梓さんに迷惑をかけたくなかったが、あの男が今度は店に乗り込んでこないとも限らない。

透さんの言いつけを守り、暫くは夜に出歩かないことも心に決めて。

明日はなんてメールを送って出かければ良いのだろうか。
いっそ黙って出る方が得策なのでは、と考えているうちに一日はあっという間に終わってしまった。

ーーーーー

いつも以上に頭が働かない朝だった。

その日の夜はあまり眠れなくて。
それでも重たい体を起こしてスマホを手に取る。

『今日は友人と旅行に行きます。友人に任せているので行先は分からないですが、着き次第また連絡します』

散々と悩んだ結果、透さんには嘘ともそうでないとも取れるようなメールを送信した。

昨日透さんに貰ったワンピースで身を包み、それに見合うようにメイクもして。
あんな豪華な列車に乗るんだからと、せめてもの抵抗だった。

家を出ようとすると、メールの着信を告げる音。
開くと透さんからの返信で。

『分かりました。
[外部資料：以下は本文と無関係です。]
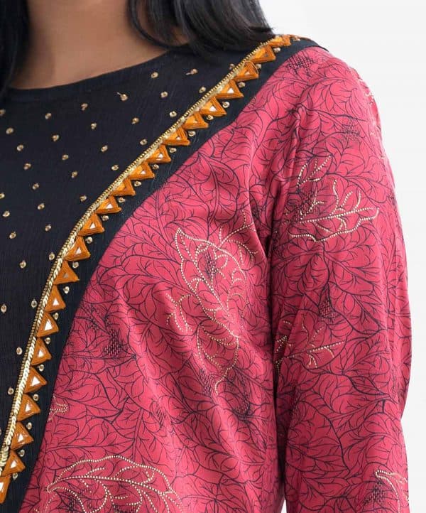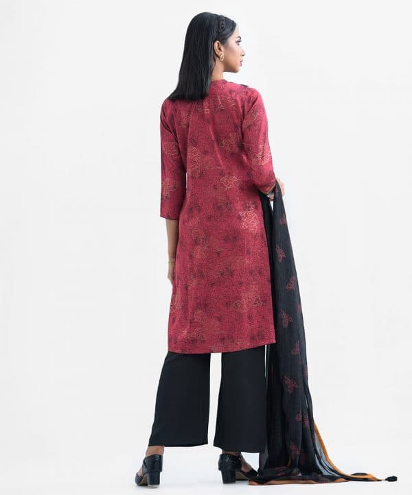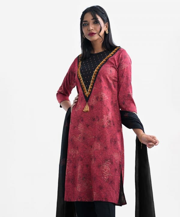Women’s exclusive salwar kameez from Nargisus by Le Reve in jacquard fabric. Round neck, three-quarter sleeved and karchupi at the front with tassel. Complemented with crepe palazzo and georgette dupatta.

到着したらすぐに連絡ください。お気を付けて。』

胸にチクリと棘が刺さるようで。
透さんが組織の人間だとしたら、かなりヤバいことをしている自覚はあったけれど。

そうではない自信があったから続けられていた。

『分かりました。』

そう一言だけ送信し、沖矢さんがいる家まで急いだ。



彼の住む家に着き、インターホンを押す。

『はい』
「如月です」
『どうぞ、中へ』

必要最低限のあっさりとしたやり取り。
それを終えて中へと足を進める。

「お邪魔します」
「おはようございます、ひなたさん」

沖矢さんがどこからともなく出てきて。
そして間も無く彼の言葉に違和感を感じる。

「・・・どうして名前なんですか」
「おや、いけませんか?」

この人も透さんのようにいつも笑顔を保っているけど、どこか挑発的だよな・・・なんて思いながら。

「・・・別に構いませんけど」
「ありがとうございます」

お礼を言われる程のことではないと思うが。
そして、少し透さんに感じる罪悪感は何なのか、その時はよく分からなかった。